DATE: (Date of pronouncement)
DATE: July 28, 2011 (Date of publication)

Click here to download the judgement (sanjay_gala_bonus_shares_115F.pdf)

Bonus shares eligible for s. 115F relief if original shares acquired in foreign currency

The assessee, a NRI, purchased shares in foreign currency. On the sale of bonus shares, the assessee claimed relief u/s 115F. The AO & CIT (A) rejected the claim on the ground that s. 115F applied only to shares “acquired or purchased with, or subscribed to in, convertible foreign exchange” and not to bonus shares.
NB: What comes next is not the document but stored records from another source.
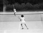 Tennis players Ruth Pate and Joan Webb during a match.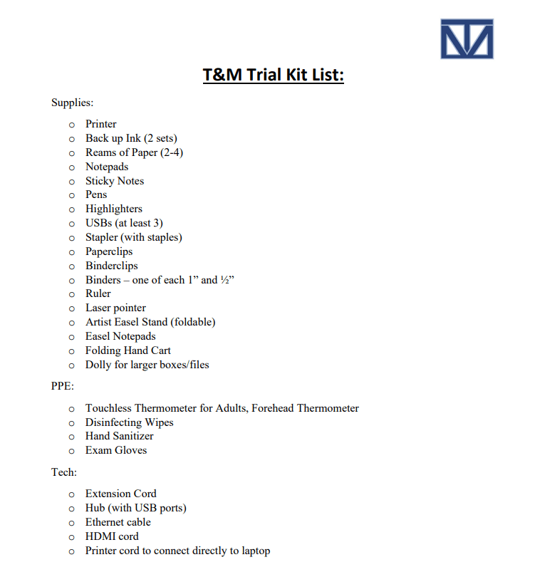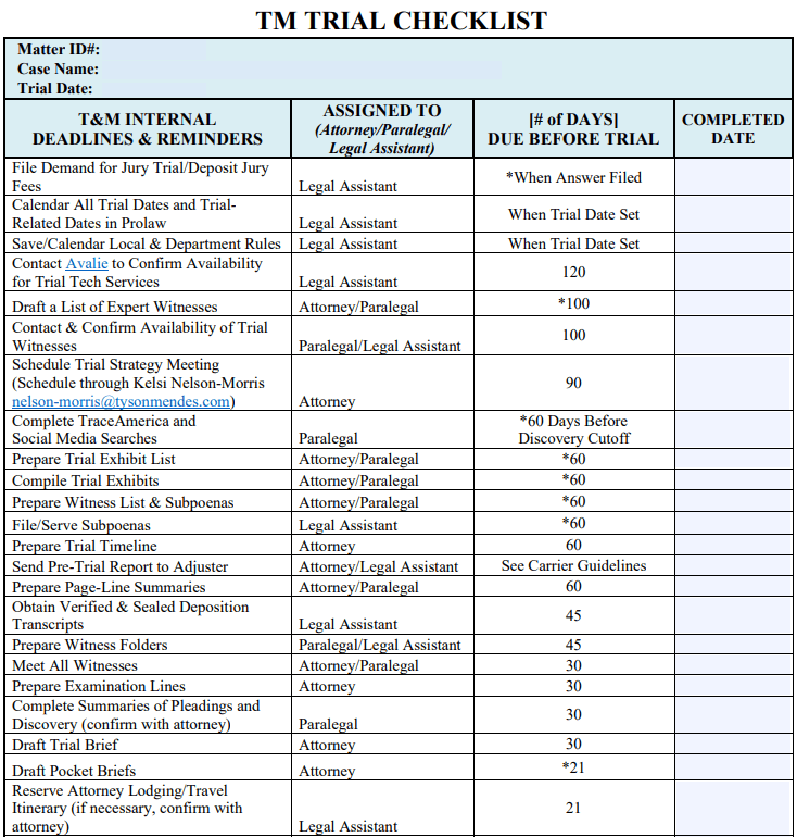A team going to trial will use this document to calculate/track non court-related deadlines for trial preparation.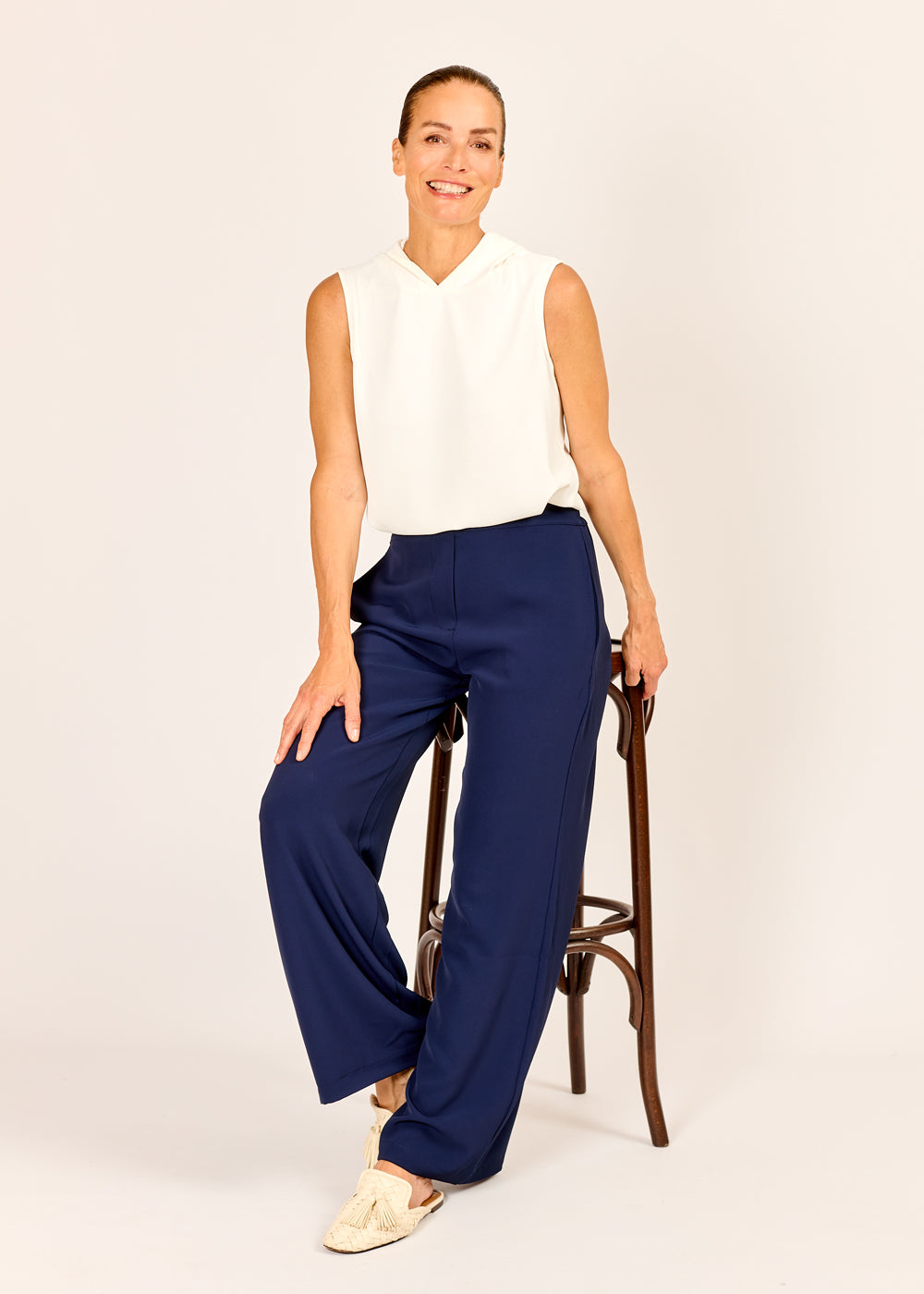Diese edle Pantalone in der Farbe Blu Scuro überzeugt mit ihrer fließenden Silhouette und einem modernen, weiten Bein. Der komfortable Bund ohne Verschluss sorgt für ein angenehmes Tragegefühl und eine cleane Optik. Ob im Büro oder elegant gestylt für den Abend – diese Hose ist ein stilvoller Allrounder mit italienischem Flair.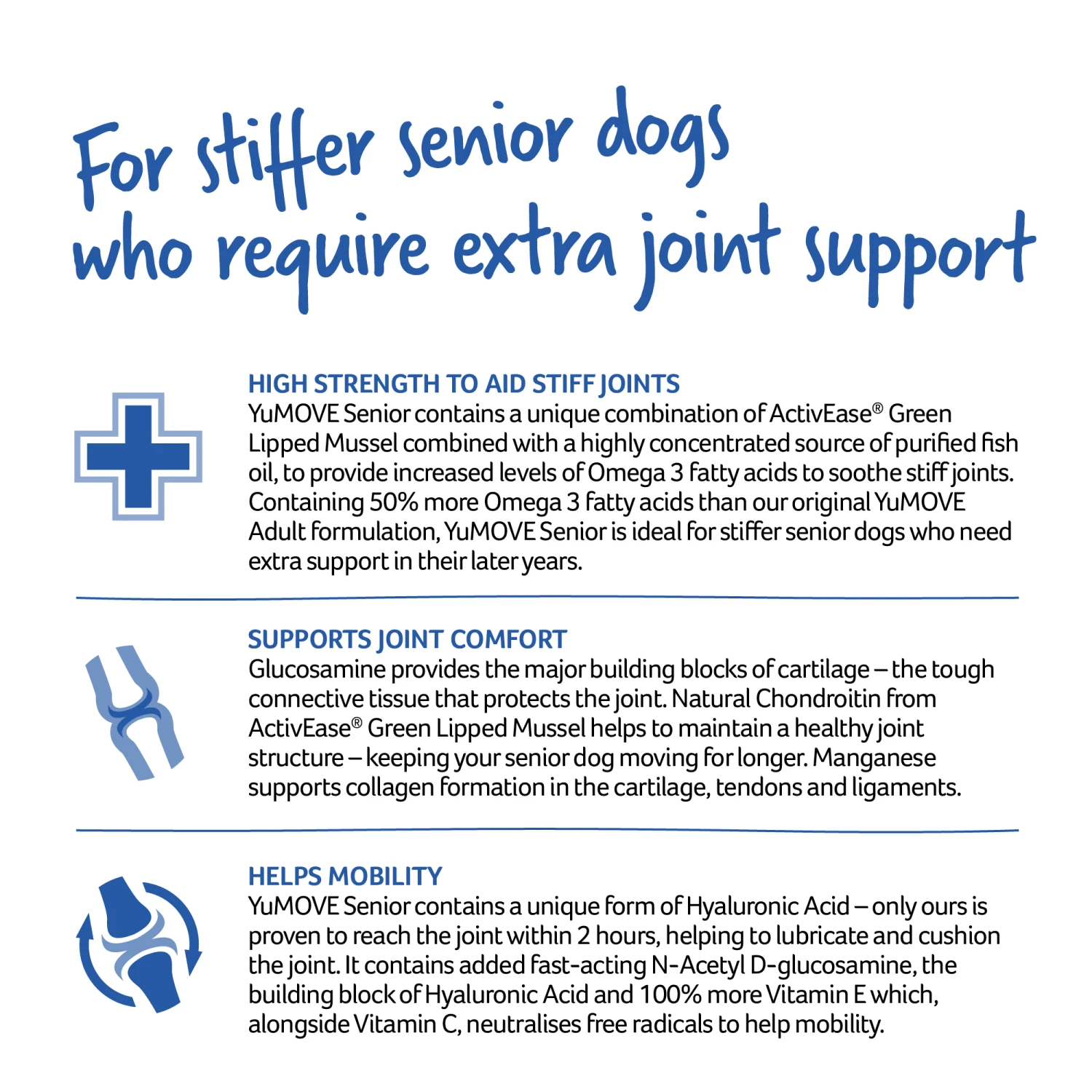 Hyaluronic Acid is a major part of the synovial fluid which helps lubricate and cushion the joint within 2 hours. YuMOVE Senior contains added fast-acting N-Acetyl D-glucosamine, the building block of Hyaluronic Acid and 100% more Vitamin E which, alongside Vitamin C, neutralises free radicals to help mobility.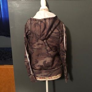 Ladies camo Jacket. This jacket has been worn once! No rips or stains. It has white pin stripes down both arms. It’s really cute on!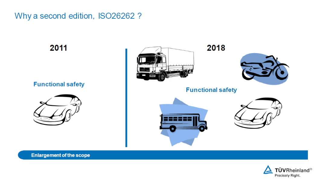 与2011版标准相比,2018版标准增加了第11部分和第12部分。第11部分是针对半导体的,主要列出了ISO 26262要求应用于半导体开发的相关准则;第12部分扩充了标准的适用范围,不仅针对3.5吨以下量产乘用车,像商用车、卡车、摩托车等都纳入了标准范围内,同时还将摩托车部分单独拟定了标准。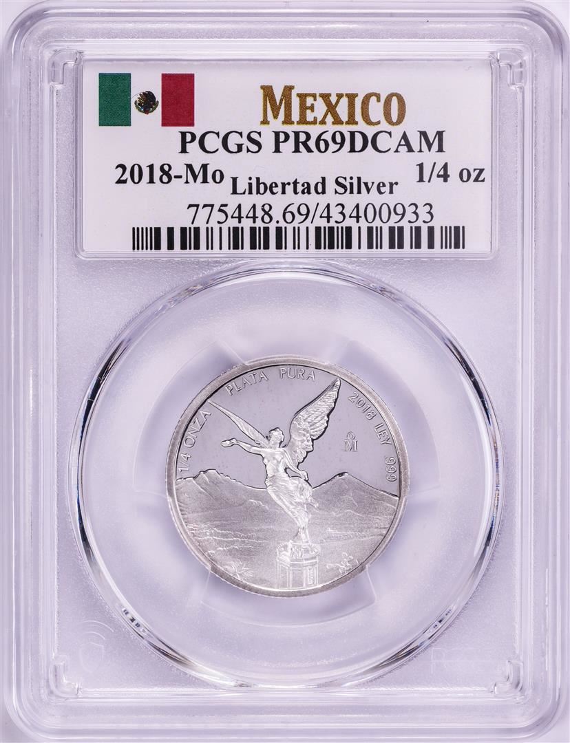 One 2018-Mo Mexico Proof 1/4 oz Silver Libertad Coin PCGS PR69DCAM. PCGS Graded.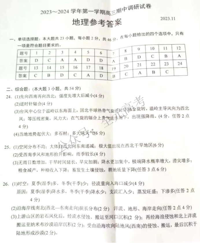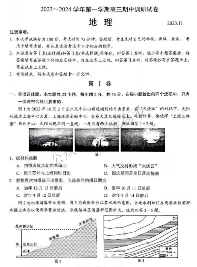 2024江苏省苏州四市五区高三期中考试于近期开考,本次考试对考生影响力大试题参考价值大,为方便大家复习,小编在下文为大家整理了江苏省苏州四市五区2024高三期中考试的地理试题及答案,供大家查看!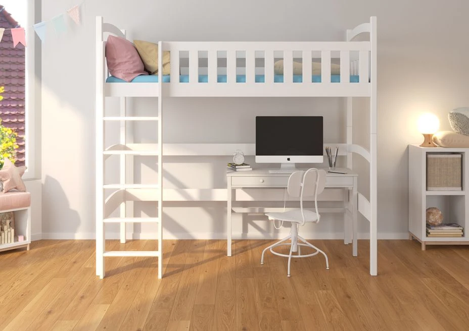 Optimisez l’espace dans la chambre de votre enfant tout en lui offrant un lieu confortable pour dormir, étudier et jouer. Le lit mezzanine Miloka en bois de pin blanc est la solution idéale pour les espaces restreints tout en ajoutant une touche moderne et élégante à la décoration de la chambre.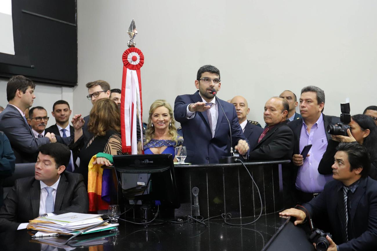 O governador Helder Barbalho prestigiou, na manhã desta sexta-feira (1°), a posse dos novos deputados estaduais do Pará, no plenário Newton Miranda, da Assembleia Legislativa do Estado (Alepa). Na ocasião, os parlamentares também elegeram a nova Mesa Diretora da Casa para um mandato de dois anos. O presidente será o deputado Daniel Barbosa Santos, mais conhecido como Dr. Daniel, sem partido no momento. A cerimônia foi conduzida pela deputada Cilene Couto, tendo como secretários os deputados Martinho Carmona e Miro Sanova. FOTO: MARCO SANTOS/AG. PARÁ DATA: 01.02.2019 BELÉM - PARÁ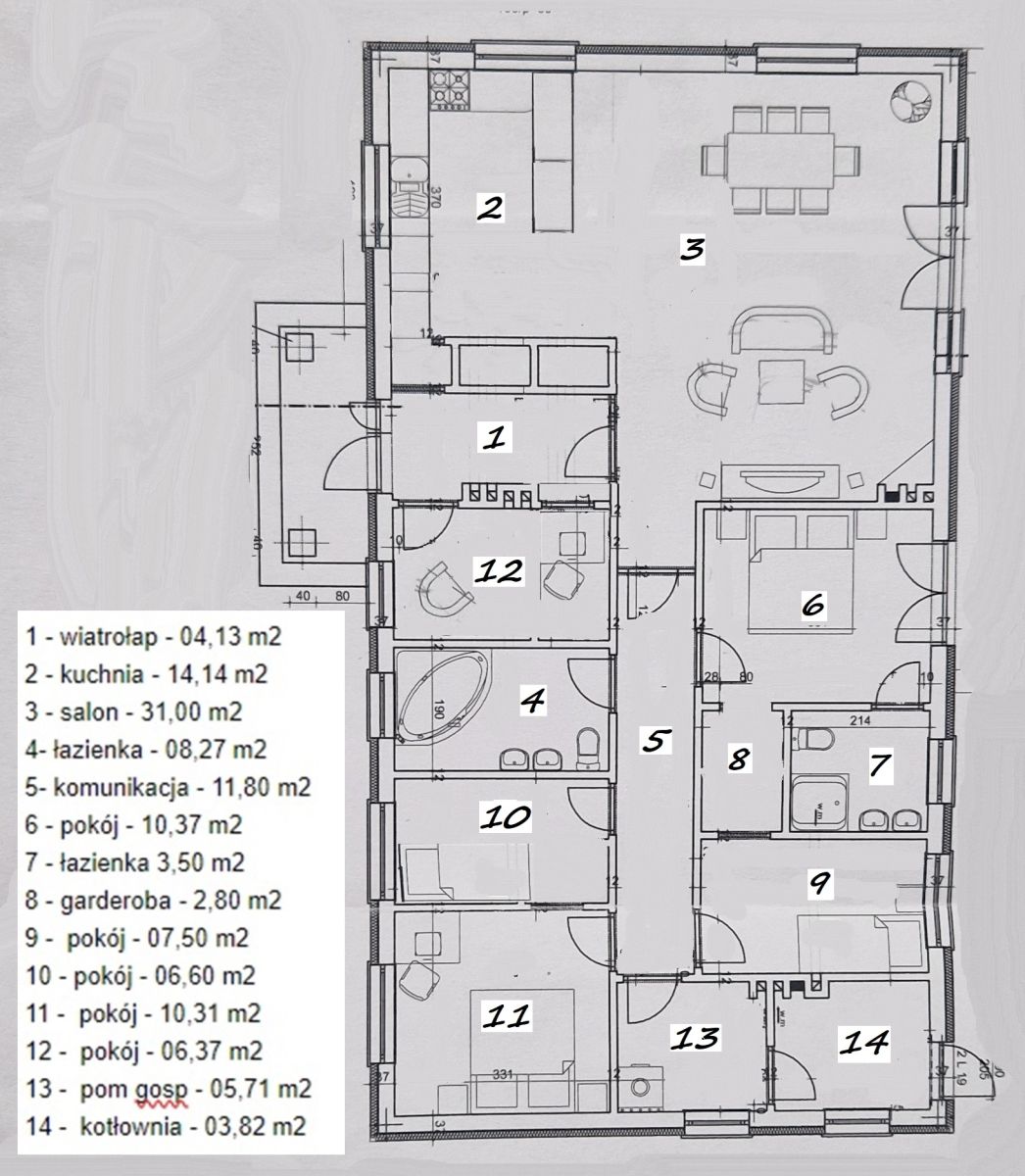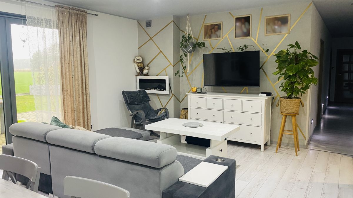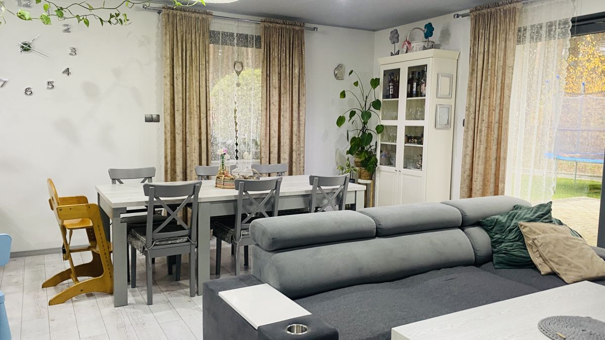 Dom o powierzchni całkowitej 125,69 m2 posadowiony jest na działce wielkości 1564 m2, składa się z sześciu pokoi, gdzie aż pięć może być przeznaczone na sypialnie, dwie łazienki, salon + aneks kuchenny, pomieszczenie gospodarcze + kotłownia.

On appeal by the assessee, HELD allowing the appeal:

The department’s objection that the assessee has received bonus shares without investing any convertible foreign exchange is not correct because as the original shares were acquired by investing convertible foreign exchange, it cannot be said that the bonus shares were acquired without taking into consideration the original shares. In accordance with Dalmia Investment 52 ITR 567 (SC) the cost of acquisition of the original shares is closely interlinked with the bonus shares. Once bonus shares are issued, the averaging out formula has to be followed with regard to all shares. Accordingly, bonus shares are covered by s. 115C(b) and eligible for benefit u/s 115F.